[Required work]
Exactly reproduce all the records, keeping pictures out of the copy.

[Listed entries]
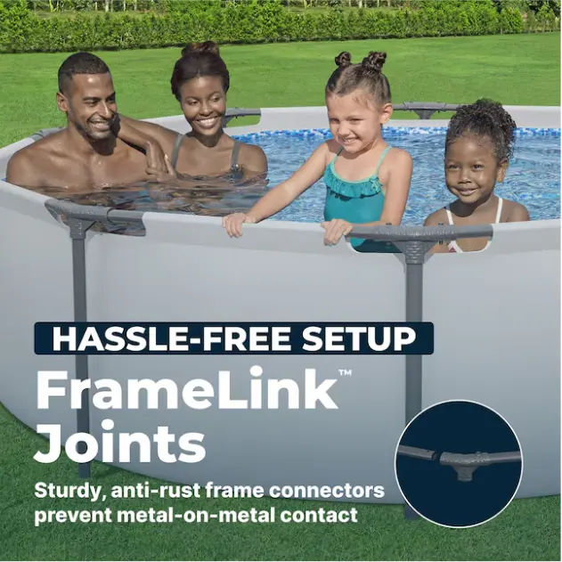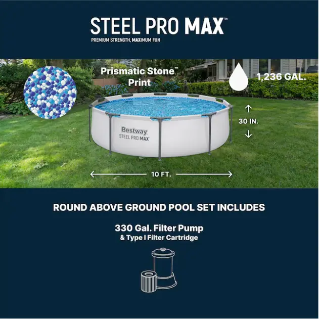 It doesn't get any better than having your own backyard pool! Enjoy a summer full of fun with the Bestway Steel Pro MAX Above Ground Swimming Pool. Featuring an ultra-durable construction, this outdoor swimming pool is made with a corrosion-proof steel frame equipped with a FrameLink System for a sturdy and secure connection. The round frame is compatible with additional attachments, such as cup holders (sold separately). With a DuraPlus liner, this family pool is reinforced for strength and prevents punctures. Including a filter pump, you can be sure to enjoy your pool more and clean less. Equipped with a simple setup and take-down process, you can easily store this 10 foot pool away in the off-season. No tools are required, and a hose connects to the built-in flow control valve to quickly and efficiently drain out the pool water. Spend your hot summer days in the water with the Steel Pro MAX Above-Ground Swimming Pool from Bestway. Disclaimer: Please review your HOA rules and restrictions before purchasing this product. Not all housing agencies permit private above-ground pools.
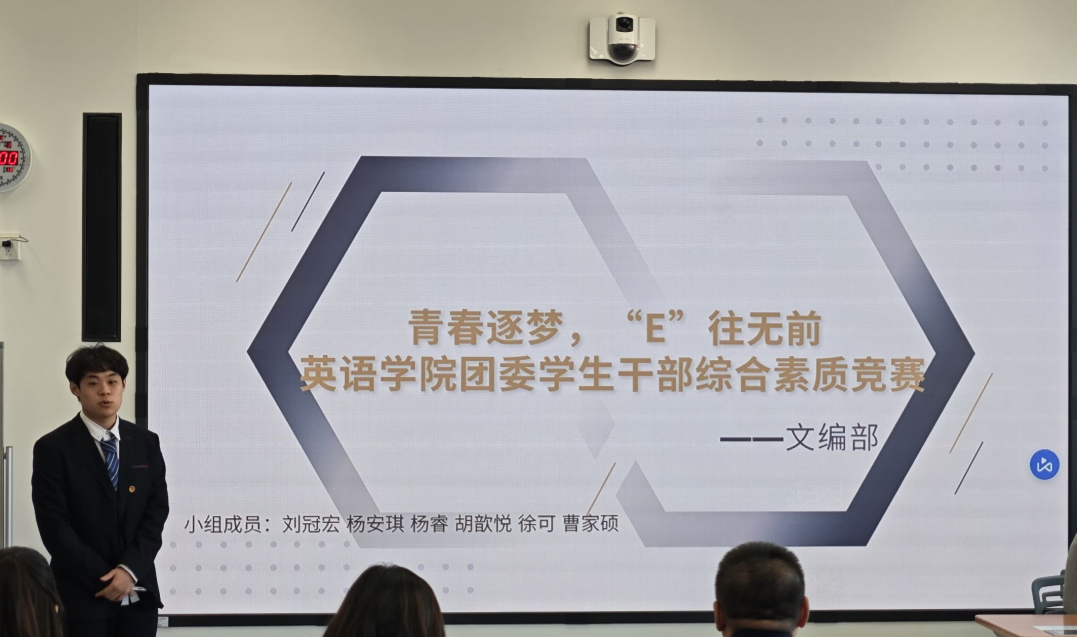 為了提高英語學院團干部的綜合能力,展示我院學生干部的風采,英語學院團委舉辦了2024年團干部綜合能力大賽。本次比賽從11月27日開始,分為初賽、復賽和決賽三個階段進行。初賽階段采取以小組為單位的競賽形式在各部門內部獨立開展,各小組分工明確,進行工作案例分析和工作經(jīng)驗分享,由英語學院第54屆團委學生組織主席團及部長級擔任評委團成員推優(yōu)至線上復賽;復賽階段由2023級輔導員吳曼、第50屆新媒體中心主任馬睿、第51屆新媒體中心主任孔柏惠、第52屆學生會執(zhí)行主席陳琳、第53屆學生會執(zhí)行主席高維澤擔任評委進行綜合考量與多維度評審,最終選出6支參賽隊伍進入決賽。
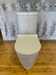 Bej rəngli unitaz dəsti, müasir dizaynlı və quraşdırılması asan. Su çəni unitazın arxa hissəsində yerləşir, bu da hamam otağında yerə qənaət etməyə imkan verir. Dəstə yavaş bağlanan oturacaq daxild...
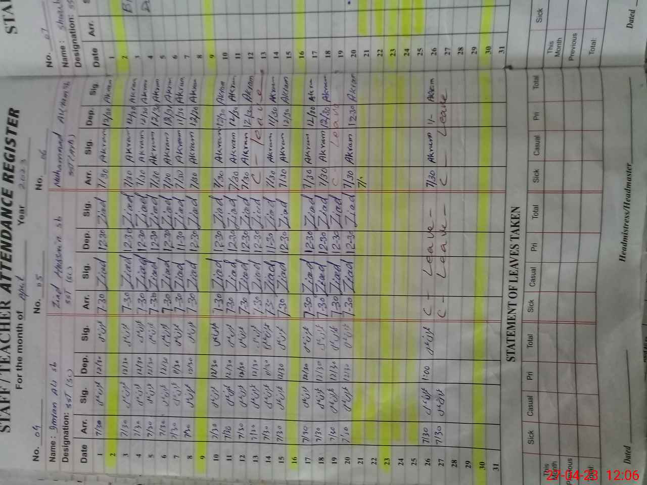 | CNIC | Full Name | Designation | R/C | Absence During Last Calender Month |
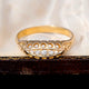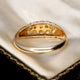 This classic-style boat ring features five old-cut diamonds, for a total of 0.05ct. The openwork band is designed to allow as much light as possible to shine in and hit the diamonds, creating a sparkle effect.

[Response below]
 It doesn't get any better than having your own backyard pool! Enjoy a summer full of fun with the Bestway Steel Pro MAX Above Ground Swimming Pool. Featuring an ultra-durable construction, this outdoor swimming pool is made with a corrosion-proof steel frame equipped with a FrameLink System for a sturdy and secure connection. The round frame is compatible with additional attachments, such as cup holders (sold separately). With a DuraPlus liner, this family pool is reinforced for strength and prevents punctures. Including a filter pump, you can be sure to enjoy your pool more and clean less. Equipped with a simple setup and take-down process, you can easily store this 10 foot pool away in the off-season. No tools are required, and a hose connects to the built-in flow control valve to quickly and efficiently drain out the pool water. Spend your hot summer days in the water with the Steel Pro MAX Above-Ground Swimming Pool from Bestway. Disclaimer: Please review your HOA rules and restrictions before purchasing this product. Not all housing agencies permit private above-ground pools.
 為了提高英語學院團干部的綜合能力,展示我院學生干部的風采,英語學院團委舉辦了2024年團干部綜合能力大賽。本次比賽從11月27日開始,分為初賽、復賽和決賽三個階段進行。初賽階段采取以小組為單位的競賽形式在各部門內部獨立開展,各小組分工明確,進行工作案例分析和工作經(jīng)驗分享,由英語學院第54屆團委學生組織主席團及部長級擔任評委團成員推優(yōu)至線上復賽;復賽階段由2023級輔導員吳曼、第50屆新媒體中心主任馬睿、第51屆新媒體中心主任孔柏惠、第52屆學生會執(zhí)行主席陳琳、第53屆學生會執(zhí)行主席高維澤擔任評委進行綜合考量與多維度評審,最終選出6支參賽隊伍進入決賽。
 Bej rəngli unitaz dəsti, müasir dizaynlı və quraşdırılması asan. Su çəni unitazın arxa hissəsində yerləşir, bu da hamam otağında yerə qənaət etməyə imkan verir. Dəstə yavaş bağlanan oturacaq daxild...
 | CNIC | Full Name | Designation | R/C | Absence During Last Calender Month |
 This classic-style boat ring features five old-cut diamonds, for a total of 0.05ct. The openwork band is designed to allow as much light as possible to shine in and hit the diamonds, creating a sparkle effect.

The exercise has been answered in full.